I met a friend for coffee recently. The friend doesn’t live close by and it was a bit of a schlep to get there – but we hadn’t seen each other in a while so it seemed worth it.
I got to the meeting place a little early and sat outside in the sun sipping my drink. There was just a hint of a breeze and the air was mild and pleasant. A text appeared on my phone. “I’m here.” I looked around. I didn’t see her anywhere but maybe she was still parking her car. After a generous 5-minute allotment for garage time I texted back, “Where exactly are you?”
A few, more-detailed, communications revealed that she had gotten confused and was waiting at a different location. She promised to get in her car and be “right over.” But this is Los Angeles and nothing happens that quickly…
My first instinct was to get annoyed. My inner rant began something like this: “My wasted time.” “My valuable time.” “Doesn’t she realize…?” And so on. You know how it goes.
But then I had a realization that stopped me dead in my tracks.
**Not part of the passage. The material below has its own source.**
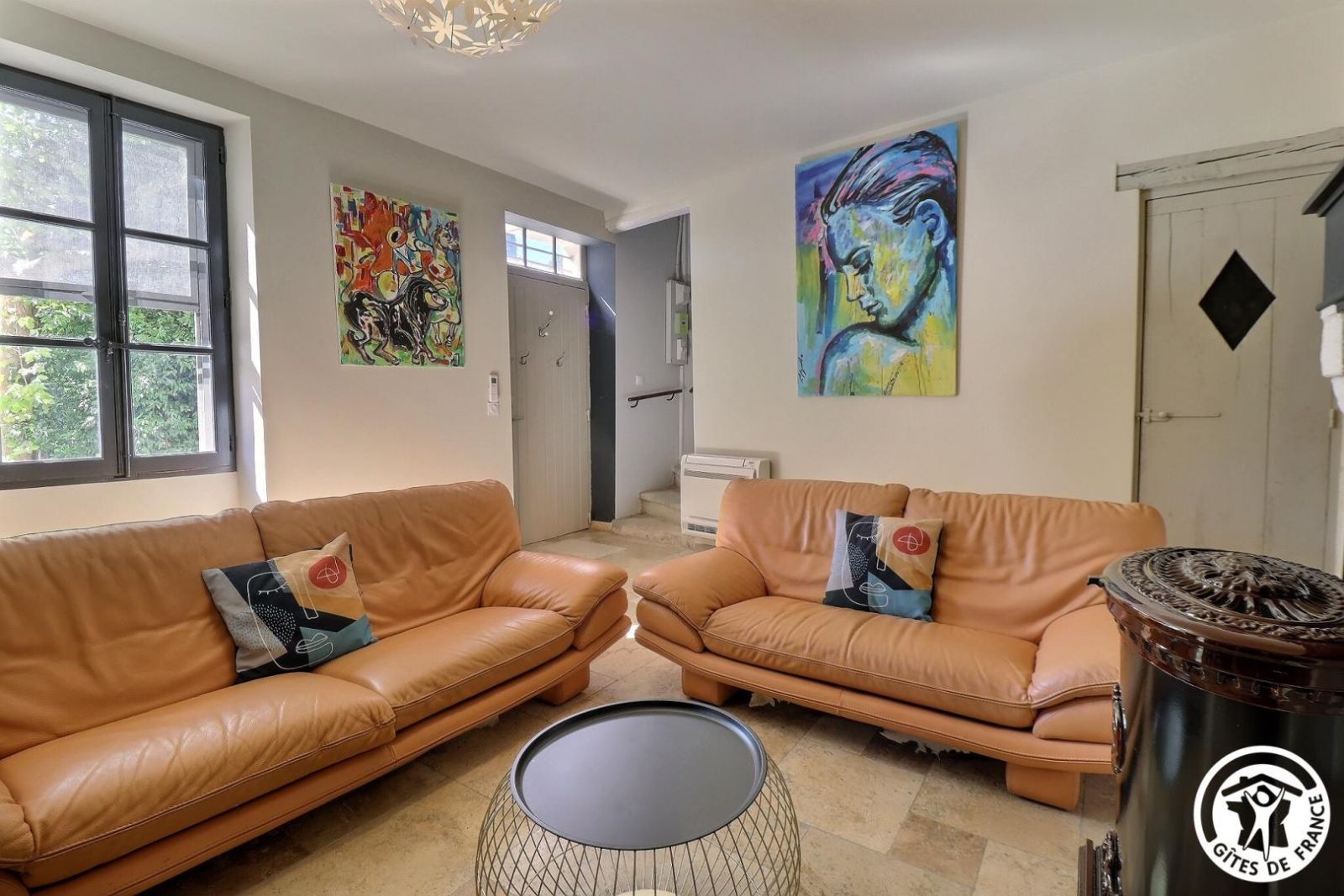 - Salon avec canapés de qualité, TV écran plat, cheminée d'ornement et poêle à bois.

I’ve been feeling overwhelmed lately. I’ve been dreaming of some down time, of a vacation. And what was the major component of this fantasy? Leisurely sitting by the water and drinking a cup of coffee – with nowhere to go and nothing to do (sometime it’s good to dream small!).
Although I was missing the water and the rest of my day was packed, I was getting a taste of my desired vacation. I was getting a slow, relaxing moment in the summer sun.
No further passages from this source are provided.